Range Queries and Sequential Access
Range queries (e.g., find all keys in [k1, k2]) are where B+ Trees excel:
-
Use root-to-leaf search to locate
k1. -
Follow the leaf-level linked list until
k2is reached.
This design supports efficient ordered scans - a major reason B+ Trees dominate database indexing.
Complexity
| Operation | Time Complexity | I/O Notes |
|---|---|---|
| Search | O(log_m n) | 1 disk read per level |
| Insert | O(log_m n) | Split propagation may add 1–2 writes |
| Delete | O(log_m n) | May require merge or redistribution |
| Range Query | O(log_m n + k) | k = number of records in range |
Tip
Since m (order) is large (hundreds per node), the height
his small - often 2–4 even for millions of records.
Implementations
Structure (components)
| Component | Description |
|---|---|
| Internal Nodes | Contain keys and child pointers only (no actual data). |
| Leaf Nodes | Contain all records and pointers to next leaf (linked list). |
| Order (m) | Maximum number of children for any internal node. |
| Height (h) | Determines search cost; typically small due to high fan-out. |
Practical Notes
-
Disk blocks (usually 4 KB) dictate node size.
-
Leaves contain record pointers; internal nodes only key pointers.
-
Linked leaves enable cursor traversal and bulk scanning.
-
Rebalancing keeps operations logarithmic over time.
Warning
Caching is essential: root and top levels often kept in memory to minimize I/O cost.
Comparison
| Feature | B-Tree | B+ Tree |
|---|---|---|
| Data location | Internal + Leaf nodes | Leaf nodes only |
| Sequential access | Slower (no links) | Fast (linked leaves) |
| Range queries | Inefficient | Very efficient |
| Node size | Larger | Smaller (no data in internal nodes) |
| Storage utilization | Slightly lower | Higher |
| Use case | In-memory balanced trees | Disk-based indexes |
Note
Most database engines (MySQL, PostgreSQL) and filesystems (NTFS, HFS+, ext4) use B+ trees under the hood.
Examples
Insert sequence: [10, 20, 5, 6, 12, 30, 7, 17] into a B+ Tree of order 4 (max 3 keys per node, max 4 children).
-
Start empty - insert
[10, 20, 5]into first leaf. -
On inserting 6 → split leaf into
[5,6]and[10,20]; promote10. -
Insert 12 → fits right leaf
[10,12,20]. -
Insert 30 → overflow → split right leaf, promote
20. -
Insert 7, 17 → propagate splits as necessary.
Tip
This small example mirrors the page split behavior of database indices.
Pitfalls
-
Deletion rebalancing can cascade up multiple levels.
-
Caching strategy matters for performance.
-
Node size should align with storage page size.
Common pitfalls
Mixing B-Tree vs B+ Tree semantics (storing records in internal nodes).

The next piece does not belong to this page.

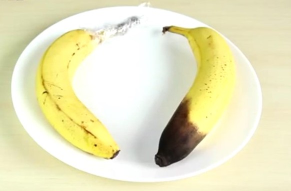 Um die Banane länger haltbar zu machen, brauchst du nur etwas Frischhaltefolie. Trenne die einzelnen Bananen voneinander und pack die Stiele anschliessend in Frischhaltefolie ein.

Forgetting to maintain leaf links after splits/merges (breaks range scans).
Inconsistent min/max keys per node when switching between “order m” and “degree t” definitions.
Node size not aligned to page size → reduced fanout and extra I/O.
When to use
Compared to B-trees, choose B+ Trees when you need:
-
Better range queries (thanks to leaf chaining)
-
Higher fan-out (internal nodes smaller, only keys)
-
Predictable I/O (fewer disk pages to touch)
-
Efficient iteration (ordered, sequential leaves)
These advantages make B+ trees ideal for large datasets that cannot fit entirely into memory.
Summary
-
B+ Trees extend B-trees by separating data storage (leaves) from indexing (internal nodes).
-
They support efficient range queries, sequential traversal, and high fan-out - ideal for disk-based systems.
-
Insertions and deletions maintain balance, ensuring predictable logarithmic performance.
-
Almost every database and filesystem index structure builds on this design.